• _Exercise objective_:
Find the line with "Most vegyük kézbe" and the line with "Летняя повседневная пижама" in the entries below; output exactly those two lines, every line between them, and no others.

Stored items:
· · · ·

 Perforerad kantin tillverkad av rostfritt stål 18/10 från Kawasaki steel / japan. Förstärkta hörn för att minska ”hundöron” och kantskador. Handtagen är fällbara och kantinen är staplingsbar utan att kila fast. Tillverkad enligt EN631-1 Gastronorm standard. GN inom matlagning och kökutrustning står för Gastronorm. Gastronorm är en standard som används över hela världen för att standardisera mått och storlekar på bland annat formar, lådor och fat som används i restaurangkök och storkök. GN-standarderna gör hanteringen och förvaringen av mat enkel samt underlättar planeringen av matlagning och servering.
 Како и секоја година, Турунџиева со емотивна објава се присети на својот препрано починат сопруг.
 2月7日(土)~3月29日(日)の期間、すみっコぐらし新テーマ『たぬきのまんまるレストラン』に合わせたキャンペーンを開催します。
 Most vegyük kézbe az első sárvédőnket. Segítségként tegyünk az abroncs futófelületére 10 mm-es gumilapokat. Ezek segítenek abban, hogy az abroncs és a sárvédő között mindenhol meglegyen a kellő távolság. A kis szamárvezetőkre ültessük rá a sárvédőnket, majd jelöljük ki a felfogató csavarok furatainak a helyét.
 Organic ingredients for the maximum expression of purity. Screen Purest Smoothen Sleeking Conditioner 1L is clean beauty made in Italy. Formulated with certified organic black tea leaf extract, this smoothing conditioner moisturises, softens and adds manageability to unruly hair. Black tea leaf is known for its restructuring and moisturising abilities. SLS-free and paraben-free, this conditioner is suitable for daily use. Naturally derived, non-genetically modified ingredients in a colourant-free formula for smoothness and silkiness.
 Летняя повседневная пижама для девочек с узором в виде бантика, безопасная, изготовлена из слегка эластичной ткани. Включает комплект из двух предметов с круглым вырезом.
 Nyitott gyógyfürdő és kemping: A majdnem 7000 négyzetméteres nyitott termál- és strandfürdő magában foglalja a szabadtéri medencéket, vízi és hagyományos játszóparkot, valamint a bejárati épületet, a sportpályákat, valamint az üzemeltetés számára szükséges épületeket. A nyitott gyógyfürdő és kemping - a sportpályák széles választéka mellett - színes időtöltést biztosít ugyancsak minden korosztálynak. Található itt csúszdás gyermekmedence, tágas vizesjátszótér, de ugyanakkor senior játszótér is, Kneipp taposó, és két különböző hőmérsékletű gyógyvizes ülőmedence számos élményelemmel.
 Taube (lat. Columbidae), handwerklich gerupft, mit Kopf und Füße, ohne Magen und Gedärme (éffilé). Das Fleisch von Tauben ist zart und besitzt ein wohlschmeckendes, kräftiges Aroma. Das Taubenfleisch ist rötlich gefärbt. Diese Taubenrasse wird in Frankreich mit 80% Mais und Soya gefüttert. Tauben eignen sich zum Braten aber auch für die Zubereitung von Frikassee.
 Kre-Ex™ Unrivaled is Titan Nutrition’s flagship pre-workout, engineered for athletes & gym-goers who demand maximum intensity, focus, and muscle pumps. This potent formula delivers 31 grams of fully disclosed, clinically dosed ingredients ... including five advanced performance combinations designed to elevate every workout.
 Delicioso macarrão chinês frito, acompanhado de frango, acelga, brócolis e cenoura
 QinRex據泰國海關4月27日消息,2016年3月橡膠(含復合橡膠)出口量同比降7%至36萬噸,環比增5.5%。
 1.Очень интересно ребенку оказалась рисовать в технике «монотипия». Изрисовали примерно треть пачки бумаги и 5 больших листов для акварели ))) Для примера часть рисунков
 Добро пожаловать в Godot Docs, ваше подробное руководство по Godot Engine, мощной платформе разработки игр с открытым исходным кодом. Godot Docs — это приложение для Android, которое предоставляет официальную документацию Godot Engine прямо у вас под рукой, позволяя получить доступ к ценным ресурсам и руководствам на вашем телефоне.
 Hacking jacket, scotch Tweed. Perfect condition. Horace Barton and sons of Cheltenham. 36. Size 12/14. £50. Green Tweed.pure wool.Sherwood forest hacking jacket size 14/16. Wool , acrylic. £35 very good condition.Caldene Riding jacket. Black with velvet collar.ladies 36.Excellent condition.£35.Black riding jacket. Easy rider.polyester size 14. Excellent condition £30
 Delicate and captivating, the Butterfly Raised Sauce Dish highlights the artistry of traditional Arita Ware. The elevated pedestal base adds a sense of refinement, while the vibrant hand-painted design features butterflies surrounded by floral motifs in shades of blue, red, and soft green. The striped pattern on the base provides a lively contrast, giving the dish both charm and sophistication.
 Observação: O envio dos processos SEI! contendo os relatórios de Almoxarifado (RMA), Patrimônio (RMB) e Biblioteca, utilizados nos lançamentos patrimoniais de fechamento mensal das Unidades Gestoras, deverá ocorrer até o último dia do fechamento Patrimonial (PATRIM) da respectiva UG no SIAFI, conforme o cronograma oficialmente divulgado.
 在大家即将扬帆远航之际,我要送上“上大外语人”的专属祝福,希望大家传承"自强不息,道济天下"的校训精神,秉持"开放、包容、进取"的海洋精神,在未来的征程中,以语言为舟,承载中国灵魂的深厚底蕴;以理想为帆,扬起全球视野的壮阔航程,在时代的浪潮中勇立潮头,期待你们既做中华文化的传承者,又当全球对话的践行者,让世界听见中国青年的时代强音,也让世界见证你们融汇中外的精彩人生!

· · · ·

• _Exercise result_:
 Most vegyük kézbe az első sárvédőnket. Segítségként tegyünk az abroncs futófelületére 10 mm-es gumilapokat. Ezek segítenek abban, hogy az abroncs és a sárvédő között mindenhol meglegyen a kellő távolság. A kis szamárvezetőkre ültessük rá a sárvédőnket, majd jelöljük ki a felfogató csavarok furatainak a helyét.
 Organic ingredients for the maximum expression of purity. Screen Purest Smoothen Sleeking Conditioner 1L is clean beauty made in Italy. Formulated with certified organic black tea leaf extract, this smoothing conditioner moisturises, softens and adds manageability to unruly hair. Black tea leaf is known for its restructuring and moisturising abilities. SLS-free and paraben-free, this conditioner is suitable for daily use. Naturally derived, non-genetically modified ingredients in a colourant-free formula for smoothness and silkiness.
 Летняя повседневная пижама для девочек с узором в виде бантика, безопасная, изготовлена из слегка эластичной ткани. Включает комплект из двух предметов с круглым вырезом.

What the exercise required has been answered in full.